1 minute read

CEO-to-Worker Compensation Ratio

About Makeover Monday

MakeoverMonday is a social data project: “Each week we post a link to a chart, and its data, and then you rework the chart. Maybe you retell the story more effectively, or find a new story in the data. We’re curious to see the different approaches you all take. Whether it’s a simple bar chart or an elaborate infographic, we encourage everyone of all skills to partake. Together we can have broader conversations about and with data.”

Starting from Jan 08, 2018, I decided to put aside one hour on Monday weekly to create some visualization and find some insights from the data.

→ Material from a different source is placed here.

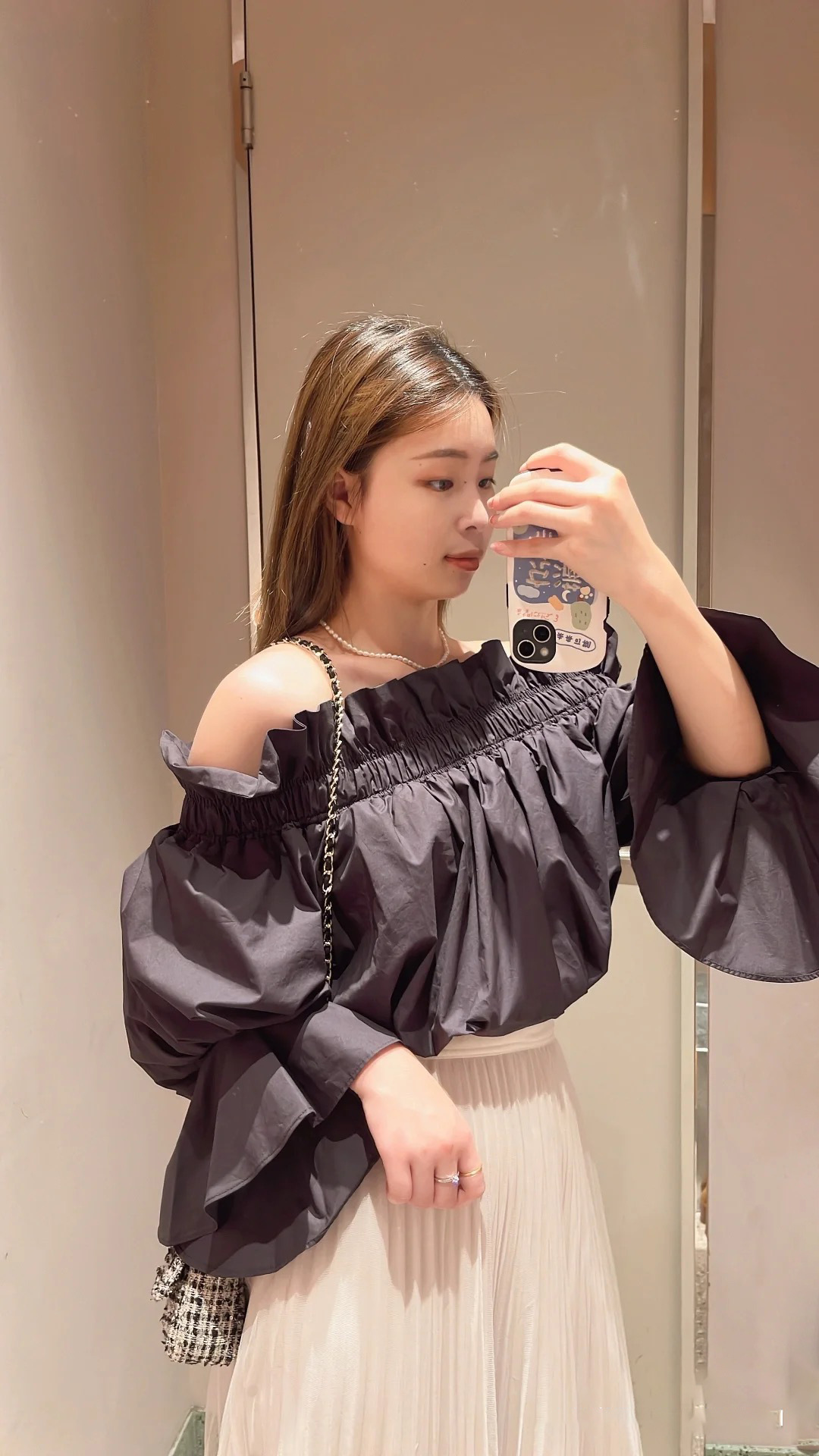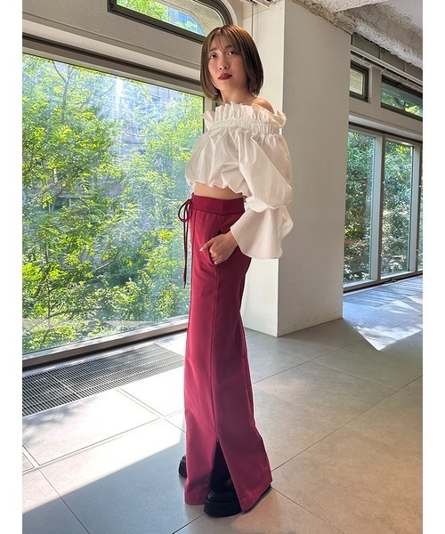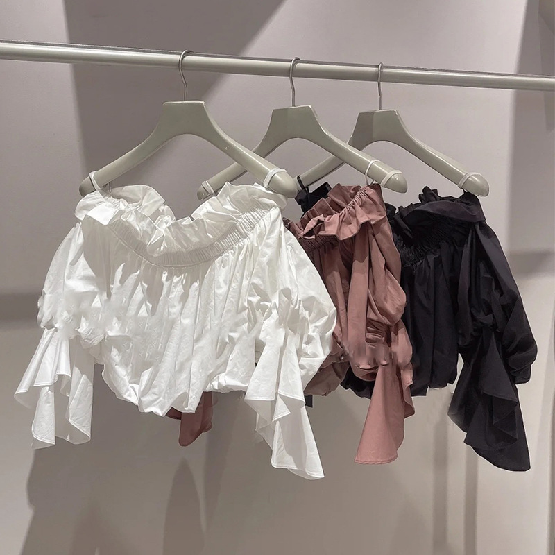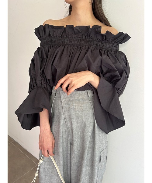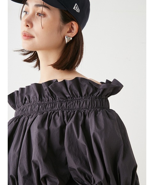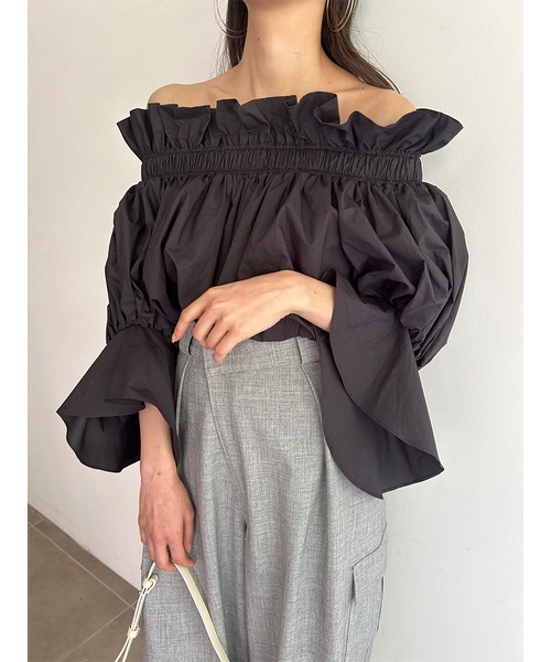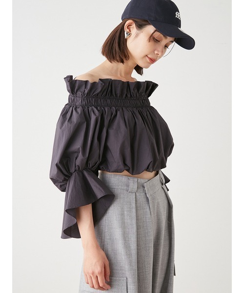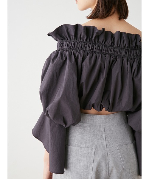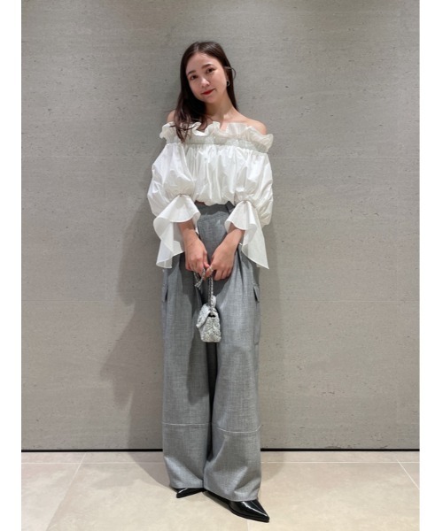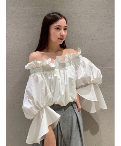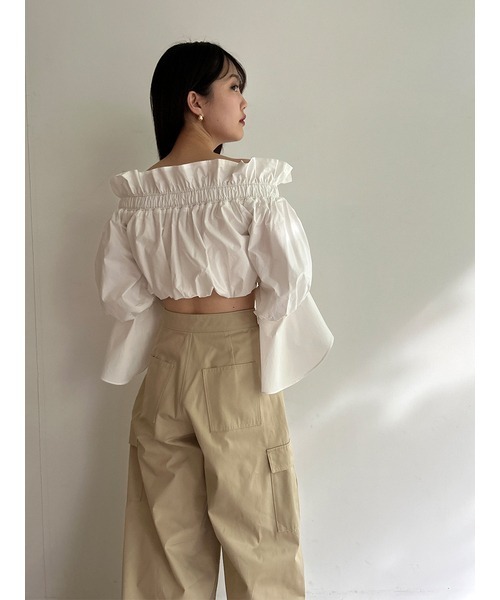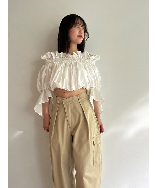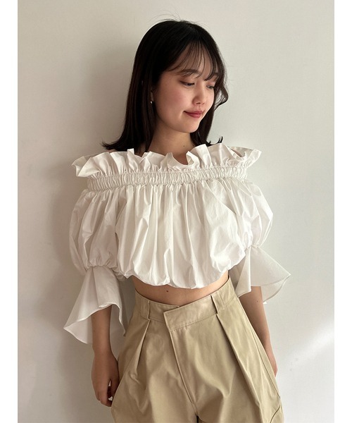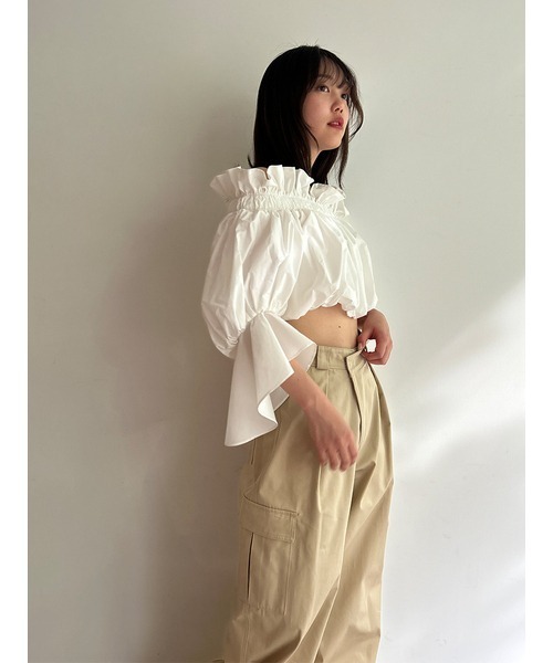 前シーズンに続きトレンド継続中のクロップド丈ブラウス。ふんわりとしたバルーンシルエットの程よいボリューム感がウエスト周りを華奢に見せてくれます。袖のフレアデザインも前後差を付けることにより華やかながらも重たい印象に見えるのを防ぎました。レディライクなアイテムにはもちろん、カジュアルなボトムなどと合わせたMIXスタイルもおすすめです。

The datasets are published each week at: MakeoverMonday Datasets.

Makeover Monday 20210503

This week’s topic is very interesting – CEO-to-worker compensation ratio. The original viz can be found in this article, which shows the CEO-to-worker compensation ratio has been increasing over time, from only ~20 to over 320. I remember reading the news about Dan Price (here is one), who is the CEO of Gravity Payments, and gave employee $70k minimum salary by cutting his own pay. He said this effort actually improved employee productivity and led to significant company growth. So it’s hard to say whether the increase in CEO-to-worker compensation ratio is a good/bad thing.

My Visualization


Please notice that all the visualizations are designed for desktop view, so it is recommended to view them on a desktop device.

Dashboard link

Insights

  • Generally speaking, the CEO-to-worker compensation ratio has been increasing since 1965, and is 16x now (20 to 320). The fastest growth was seen right before 2000 – the ratio tripled from 1995 to 2000;
  • The CEO-to-worker compensation ratio calculated with granted CEO compensation and realized CEO compensation used to align very closely before 1993, however, in recent 20 years, we have seen much more fluctuation.